Blood pressure management in ischemic stroke

I have been on conferences and other meetings the last two weeks, which is why I didn’t write anything.

Back on track, we go back to the roots of a proper stroke physician: blood pressure management. We discuss the physiology and pathophysiology of autoregulation and it’s impairment in the penumbra of a stroke (regardless of whether it is small – a lacune – or big – an embolic stroke, there is always an area of tissue at risk around the stroke core). Depending on the time and place you measure it, brain tissue might like more or less of blood (flow or pressure); if it is not enough, ischemia develops, otherwise the breakthrough edema happens (as in RPLS aka PRES).

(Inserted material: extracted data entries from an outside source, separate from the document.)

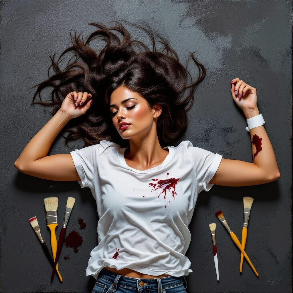 This image shows a woman lying on a textured surface, her body angled diagonally. The artwork features aggressive impasto brushstrokes in muted tones, conveying emotional exhaustion and fatigue.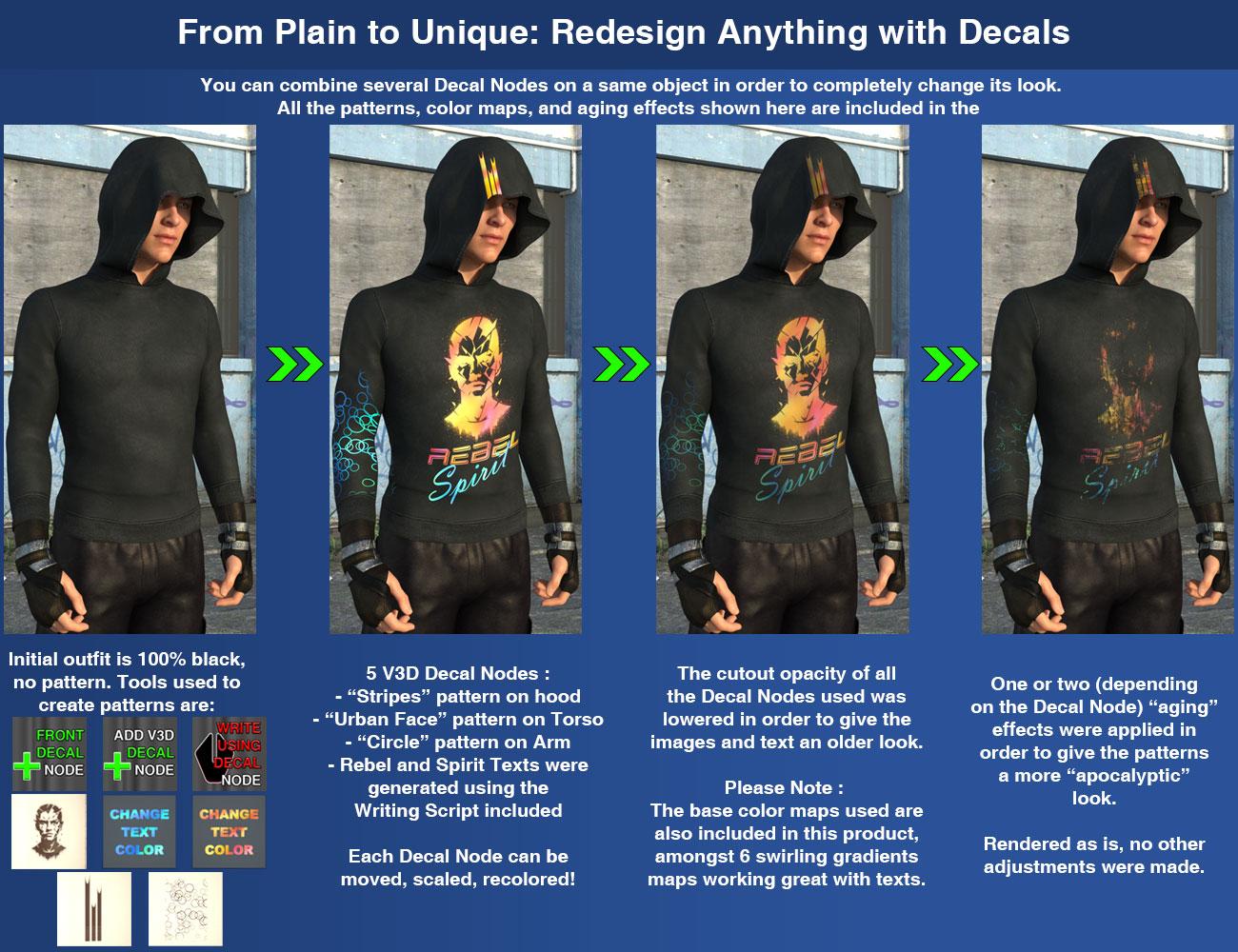A script is included to easily add text to your decal nodes (you transform your decal nodes into decal texts). Choose any font, color, opacity, style, alignment, or line spacing to compose exactly what you want. One word, a sentence, multiple lines – or mix several decals with different fonts and colors.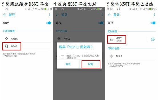 2-手機將藍芽功能打開,約1~2秒手機螢幕就會顯示MS6T,這時按下去就立即配對,之後會顯示已連線。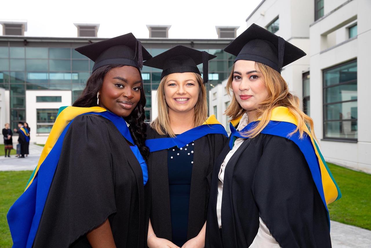 Victoria Aleshinloye (left) from Tipperary, Savannah Brady (center) from Carlow and Jehan Kodhim (right) from Athy, are pictured after graduating with a Bachelor of Business (Honours) in Management from South East Technological University’s campus in Carlow.

If the local tissue pressure is too high (e.g. through edema), perfusion pressure needs to be higher than in areas where no pressure has developed.

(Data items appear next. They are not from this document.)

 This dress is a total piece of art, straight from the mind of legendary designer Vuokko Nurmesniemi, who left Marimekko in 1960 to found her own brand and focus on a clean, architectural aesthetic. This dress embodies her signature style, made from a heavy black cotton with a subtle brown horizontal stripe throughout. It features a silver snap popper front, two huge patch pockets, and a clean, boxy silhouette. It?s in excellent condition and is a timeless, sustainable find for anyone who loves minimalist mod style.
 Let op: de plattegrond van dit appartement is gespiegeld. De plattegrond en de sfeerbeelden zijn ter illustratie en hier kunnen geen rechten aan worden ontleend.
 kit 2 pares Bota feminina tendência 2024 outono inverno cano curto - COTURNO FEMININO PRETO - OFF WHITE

All in all, you never know the distribution of pathophysiological processes and therefore you can never know the best blood pressure for your stroke. Now, if recanalization happens this doesn’t really matter much as the penumbra (hopefully) shrinks to nil, which is why this should be our primary goal. Otherwise or on the way to recanalization we compromise:

  • Don’t change blood pressure – you never know where it should be.
  • In extreme cases (> 220/110 mmHg) you are allowed to lower the blood pressure carefully (slowly) about – say – 20%
  • rtPA/recanalization: if you thrombolyse or try to mechanically recanalize, reduce RR to below 160 (as a goal, which means you arrive at 180 proper) to prepare for the time of recanalization (which you can never pinpoint)
  • After recanalization: breakthrough edema is dangerous, reduce RR to below 140 (as in post-CEA or post-stent)
  • If the acute phase is over (no tissue at risk left): wait for the natural fall of RR (roughly 7-10d)
  • Then (ambulatory care!) aim at < 140/90 mmHg; no particular preference for any substance class
  • For systolic hypertension w/o AI try thiazides.